Stana
écrit à

   


Claude Frollo

   


Les suaves abîmes de la damnation

   
Dom Frollo,

Je sais que vous avez toujours pensé bien faire. La foi religieuse poussée à l'extrême, je n'ai rien contre, alliée à la connaissance philosophique, c’est certainement exaltant. Mais cette exaltation, faute de pouvoir s'exprimer autrement, peut faire brûler de l'intérieur, je sais de quoi je parle. Même si le désir, le sexe, la féminité etc., sont inspirés par Satan, de même que l'hérésie, ne pensez-vous pas que ce serait un soulagement de le laisser s'exprimer parfois? La tentation est bien douce, je le sais, et l'accomplissement, avec la conscience du savoureux fruit défendu, ce qui est rare aujourd'hui et c'est dommage, ne serait-ce pas enivrant?

Vous l'avez voulu, je le sais, ce vertige... N'auriez-vous point déploré votre damnation si Esméralda s'était enfuie avec vous? Ou l'auriez-vous toujours acceptée avec une extase mélancolique et douce? J’aimerais vraiment le savoir.

Stana

Dame Stanislava,

Je suis prêtre. Et comme tel, je ne puis faillir aux vœux qui m'enchaînent, ni en acte ni en pensée -qui viderit mulierem ad concupiscendum eam- sans encourir la damnation éternelle. Et quel fol assumerait sans terreur de s'y exposer?

Mais parfois, la souffrance que j'endure depuis de trop longs mois est telle que je me demande si les tortures de l'enfer ne seraient pas plus clémentes...

Oh! Dieu! pourquoi m'avoir envoyé cette épreuve, sans m'avoir auparavant doté d'un cœur suffisamment éprouvé pour y faire face? Seigneur! délivrez-moi de cette obsession, faites que parte l'Égyptienne, saturez-moi du désespoir de son absence, que mon cœur ne puisse plus ressentir d'autre brûlure que celle, prodigue, de la science, et se tourne de nouveau vers sa lumière...

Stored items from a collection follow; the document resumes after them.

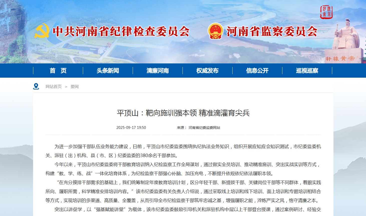今年以来,平顶山市纪委监委将干部教育培训纳入纪检监察工作全局谋划,通过做实全员培训、推动精准施训、突出实战实训等方式,构建“教、学、练、战”一体化培育体系,为纪检监察干部强心补脑、加压充电,不断提升依规依纪依法履职本领。
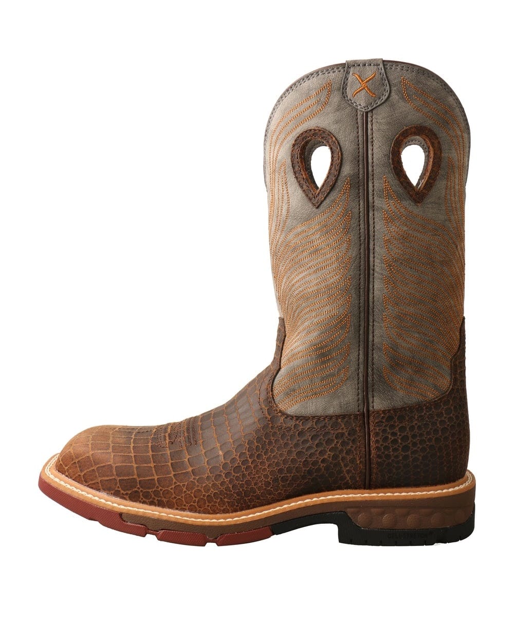 12″ Shaft; Full Grain Leather; Leather TWX Shaft With Taped interior Seams; Leather TWX Material Utilizes 80% Recycled Leather That Would Otherwise End Up In Landfills; Air Mesh Lining; Reinforced Pull Holes; Molded Footbed; Compression Molded EVA Midsole Integrated With Molasses Which Reduces The Amount Of EVA Used; CellStretch Technology Utilizes Cells In The Forefoot And Heel To Provide Cushioning And Comfort; Double Stitched Storm Welt; Nylon Glass Fiber Shank; Nano Composite Safety Toe; Wide Square Toe; 1.5″ Block Heel; Electrical Hazard Rated And Oil And Slip Resistant Molded Rubber Outsole; Nano Composite Safety Toe Meets ASTM F2413-18 M/I/C And EH Standards; Color; Brown Foot/Gray Upper With Orange Accent Stitching; Style #MXBN005
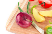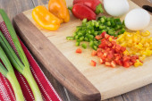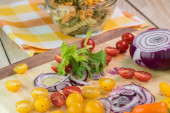 Składniki do spiralnej sałatki z makaronem cukinii - cukinia, pomidory wiśniowe, papryka, cebula.
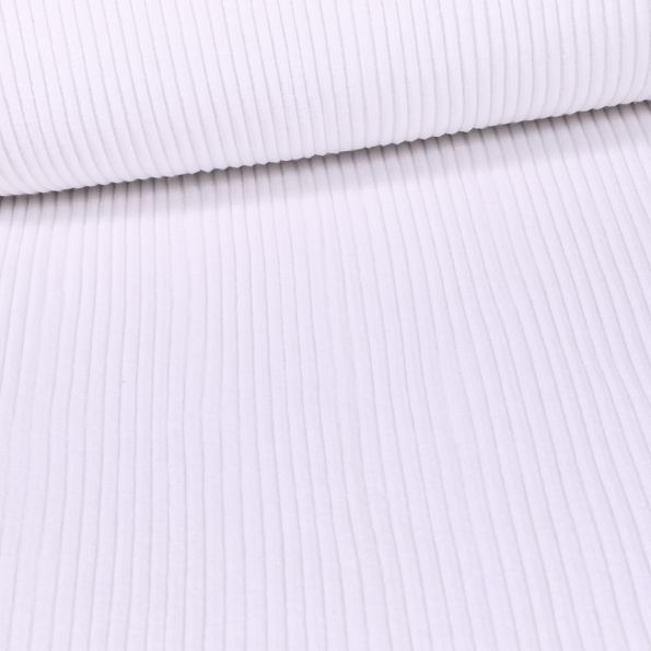 Tissu Bord côte Côtelé uni épais 3/3 Blanc - Par 10 cm
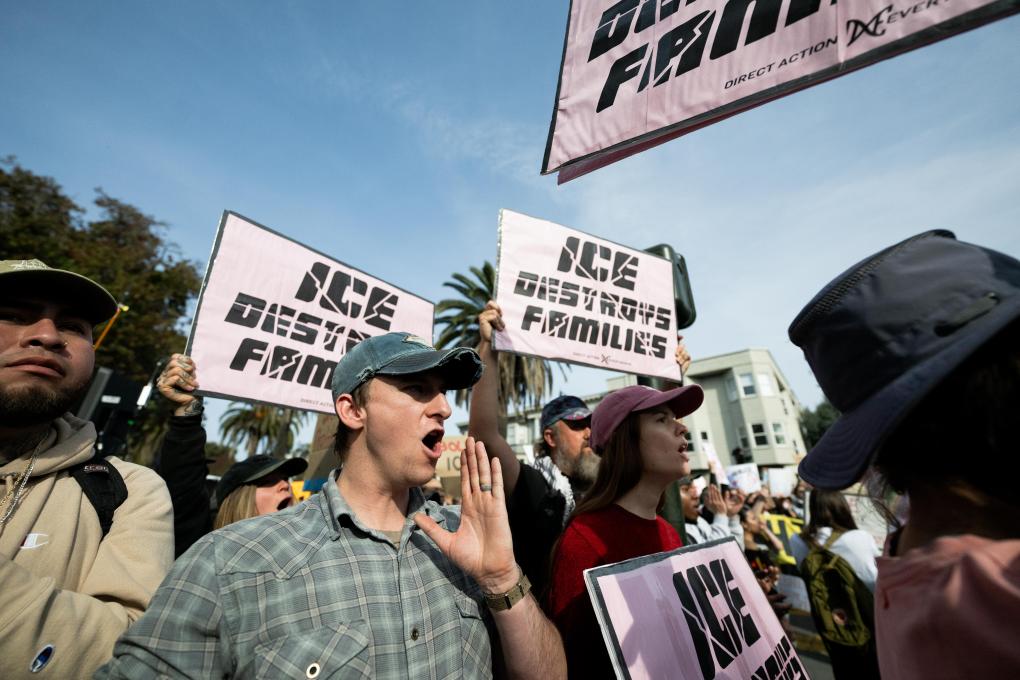 2026年1月30日,人們?cè)诿绹永D醽喼菖f金山參加示威游行,抗議特朗普政府暴力移民執(zhí)法。新華社發(fā)(朱子于攝)
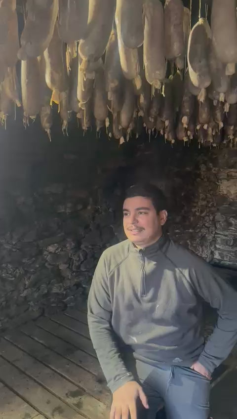Le Figatellu Nustrale des frères Tambini est un produit d’exception issu exclusivement de porcs de race corse (Nustrale), élevés en semi-liberté et nourris naturellement auxchâtaignes et aux glands. Héritiers de plus de 40 ans de savoir-faire familial, Ange et Nicolas perpétuent une fabrication traditionnelle, respectueuse des cycles saisonniers et des méthodes anciennes.
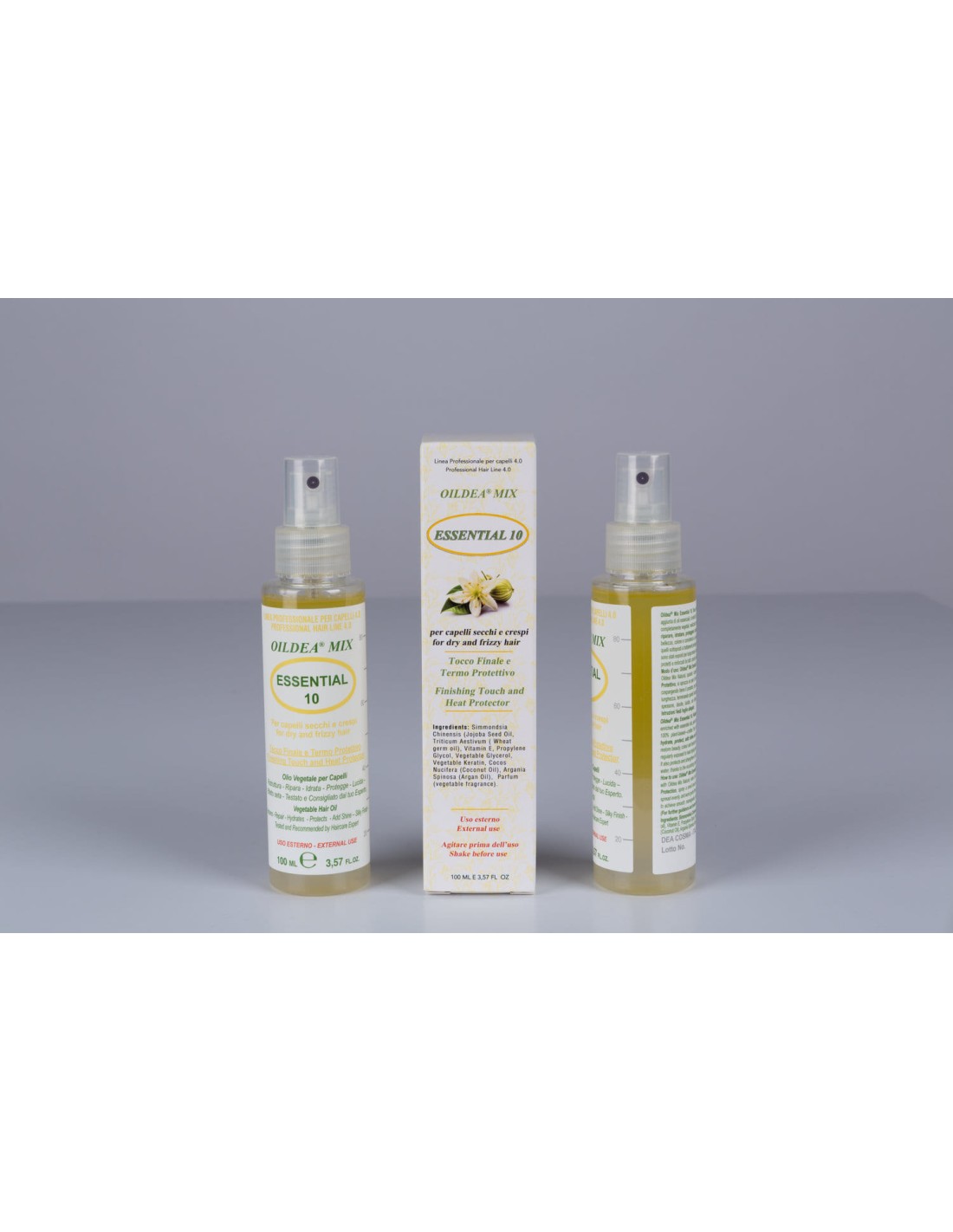 OILDEA® MIX ESSENTIAL 10 - Ingredients: Simmondsia Chinensis (Jojoba Seed Oil), Triticum Aestivum ( Wheat germ oil), Vitamin E, Propylene Glycol, Vegetable Glycerol, Vegetable Keratin, Cocos Nucifera (Coconut Oil), Argania Spinosa (Argan Oil), Parfum (vegetable fragrance)
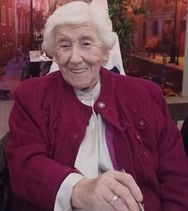 Deeply regretted by her loving family, Adrienne, Niall, John, Sheila, Joanne and Mary, daughter-in-law Angie, son-in-law Pete and John's partner Leona, her cherished grandchildren and great-grandchildren, extended family and many friends, and in particular her long-term carer and special friend Karen to whom the family are very grateful.
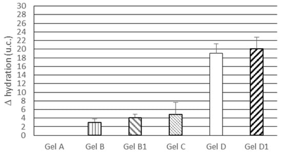 Skin hydration difference (Δ hydration) between baseline values and values recorded after a one-week treatment with the gels under investigation. Statistically significant differences (p < 0.05) were observed for the following comparisons: all gels vs. gel A; gel D vs. gels B, B1 and C; gel D1 vs. gels B, B1 and C.
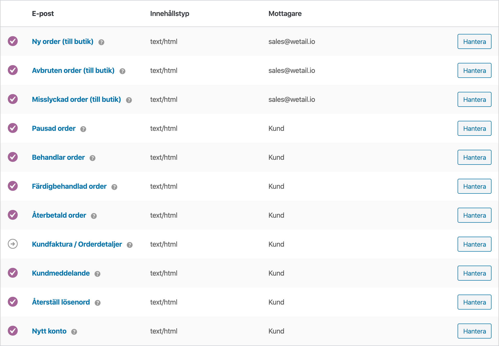 Varje ordernotis är valfri att aktivera eller inaktivera. Man kan även ändra e-postnotisernas ämnesrad eller ändra till ett anpassat meddelande.
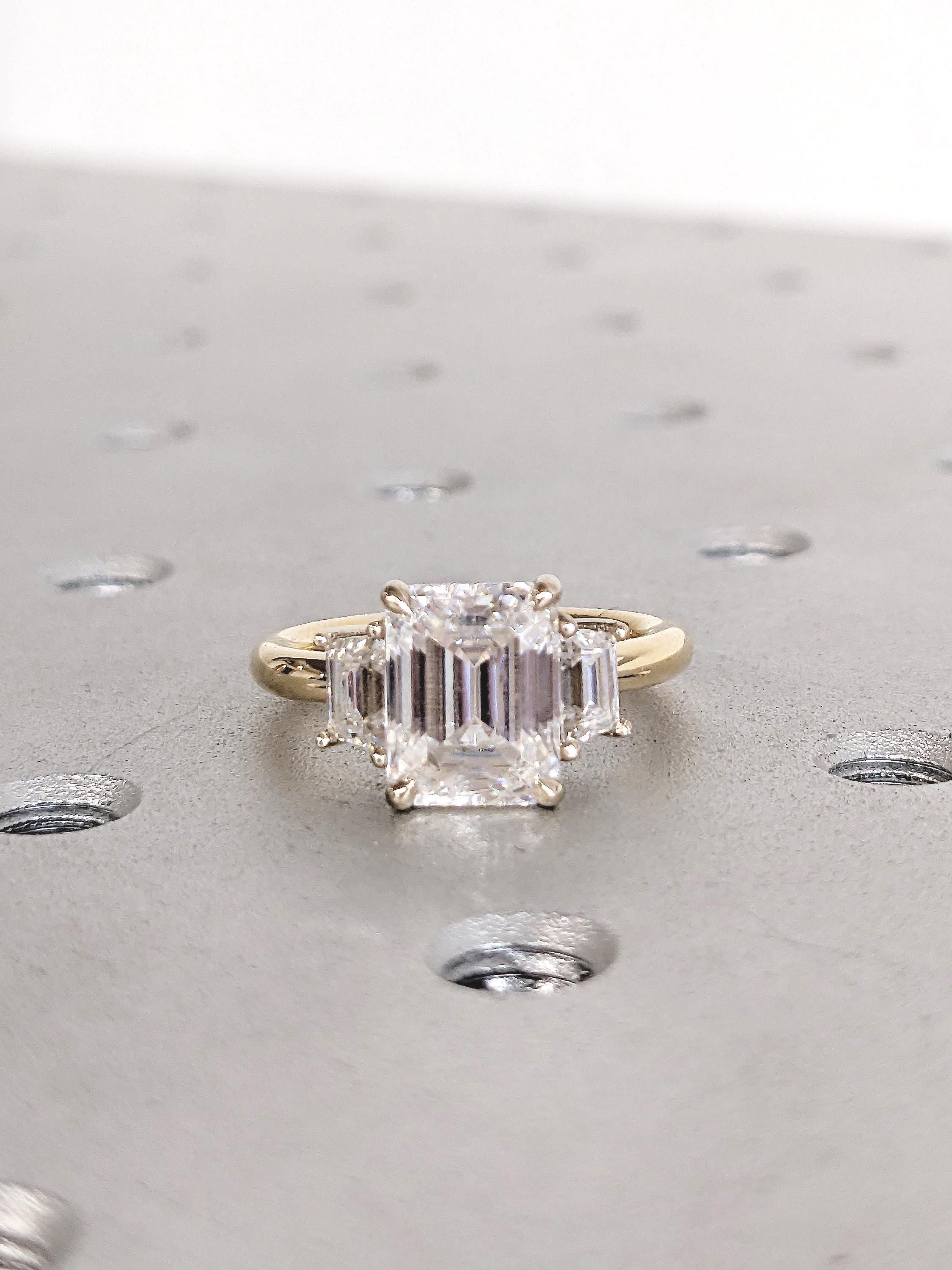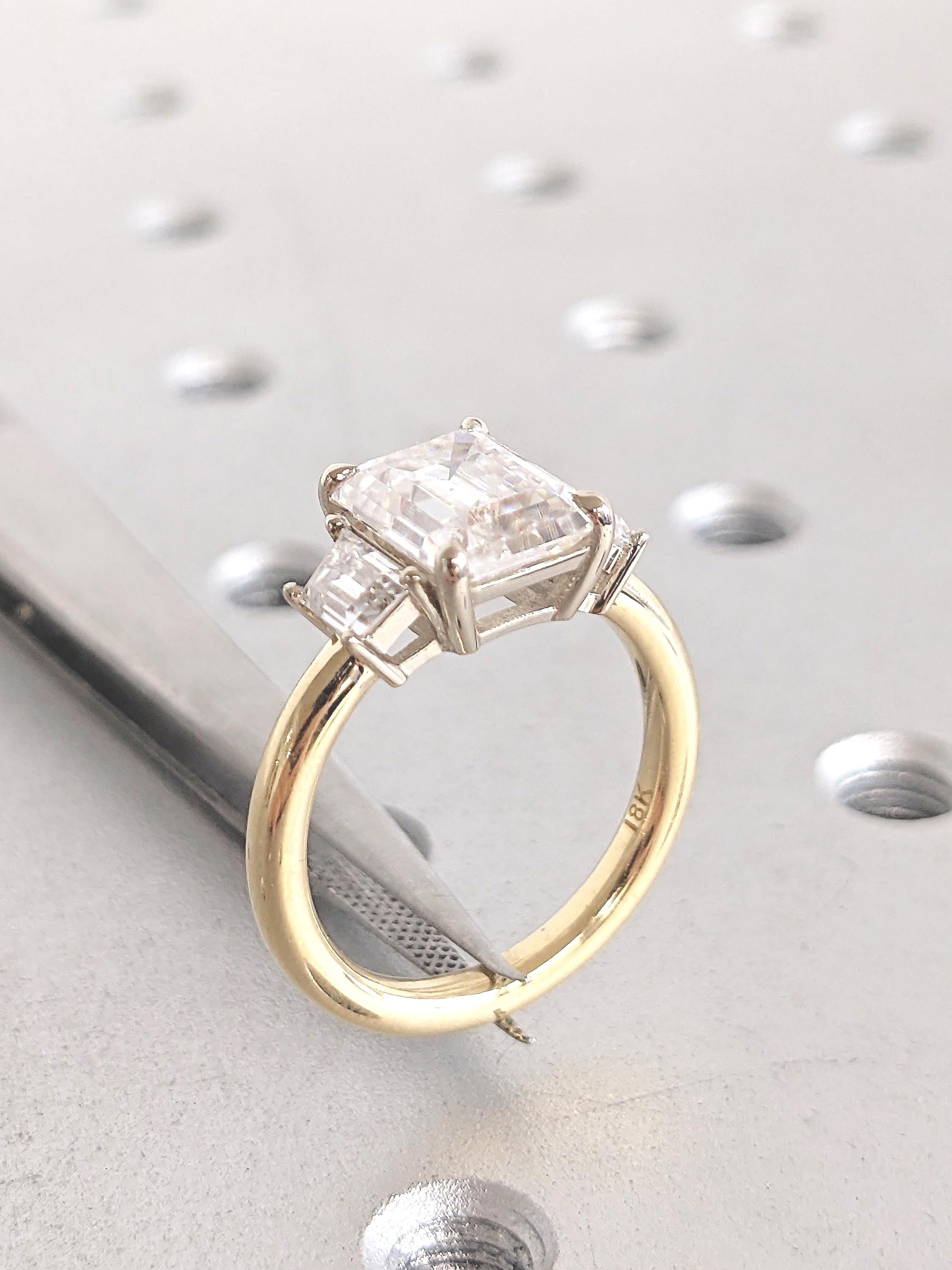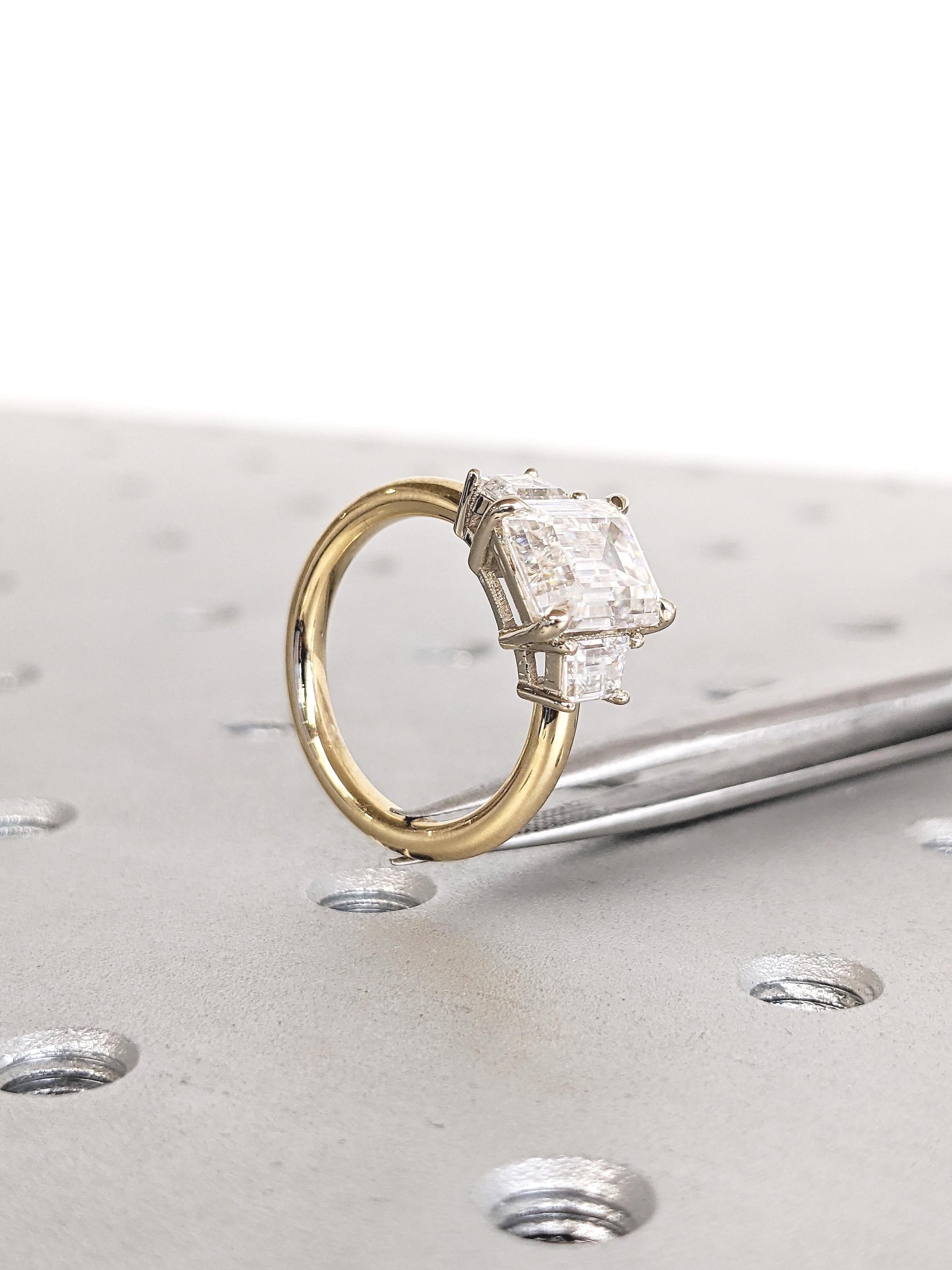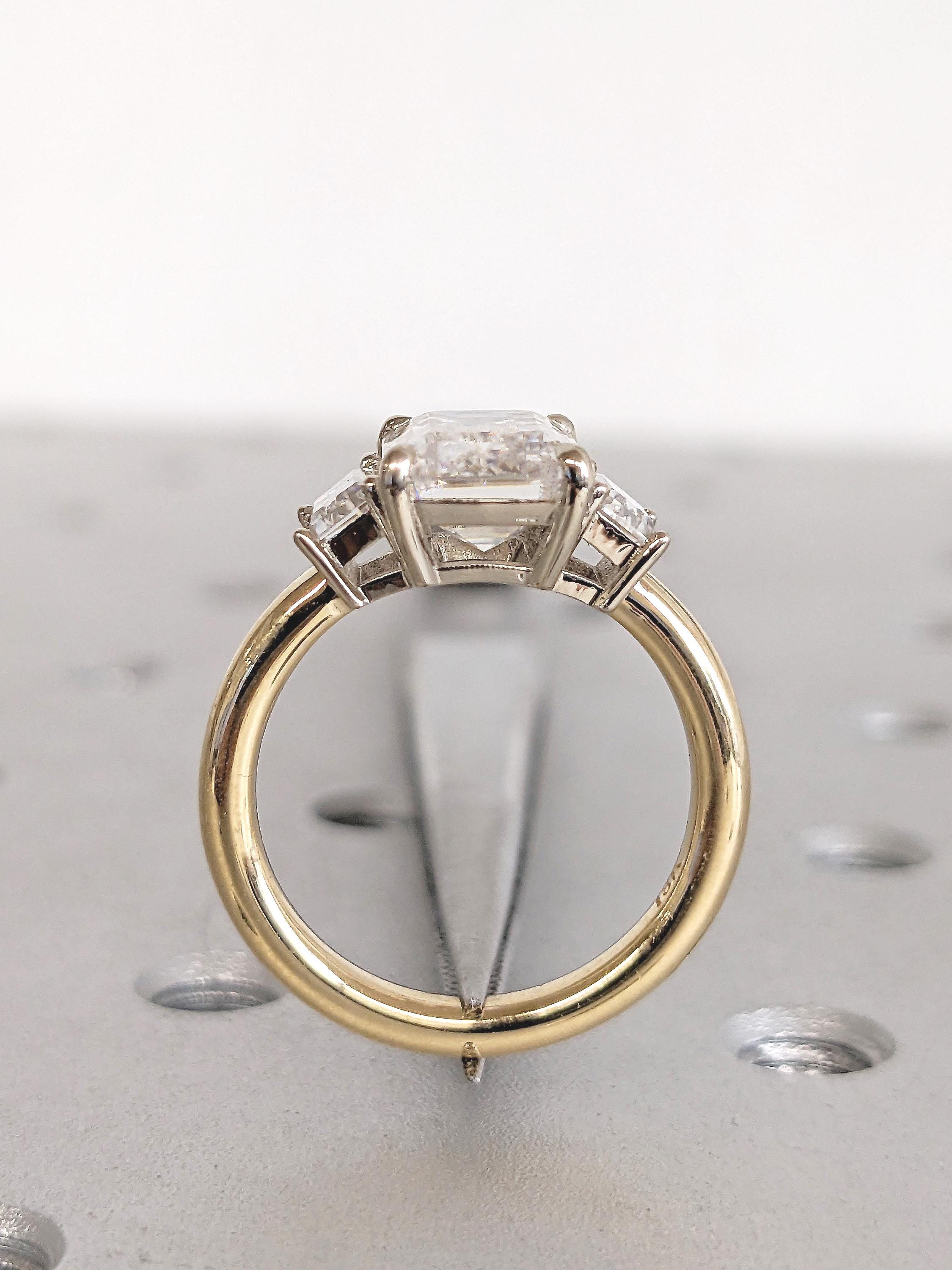Elegant and timeless, this two-tone three-stone moissanite engagement ring features an exquisite emerald-cut center stone flanked by two dazzling trapezoid-cut moissanite side stones. The contrast of metals enhances its sophisticated design, making it a perfect choice for celebrating your love in style.
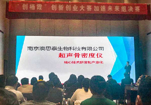 2019年4月15日,首屆“創(chuàng)棲霞”創(chuàng)新創(chuàng)業(yè)大賽頒獎典禮在南京紫東生態(tài)會議中心隆重舉行,澳思泰公司參賽項目“超聲骨密度儀核心技術研發(fā)”榮獲“加速未來組”三等獎。

Mais non, j'oscille sans cesse, et tour à tour je rejette puis j'appelle de tout mon désir l'accomplissement d'une union sacrilège. Oh! il me semble pourtant parfois que sa réalisation serait la porte ouverte à la transcendance de mon état: non plus savant de sciences apprises, mais visionnaire, prophète de tous les mondes et de tous les temps soudain révélés; non plus gentilhomme mais souverain, couronné par la gloire de l'Œuvre accompli; non plus seulement prêtre, mais alchimiste consacré, par la transmutation de ma vie et de mon âme... 

Mon Dieu, aurai-je la persévérance et le désir constant pour aller jusqu'au bout? Et cela conduira-t-il au dépassement suprême? Ou n'est-ce que l'antichambre de l'enfer, du dévoiement et de la damnation? -Ou encore préfèrerai-je renoncer, assumer mon désespoir et retrouver mon état précédent?

Je ne sais, dame Stanislava, je ne sais -je suis dans l'incertitude, dans le doute -tâtonnant dans les ténèbres...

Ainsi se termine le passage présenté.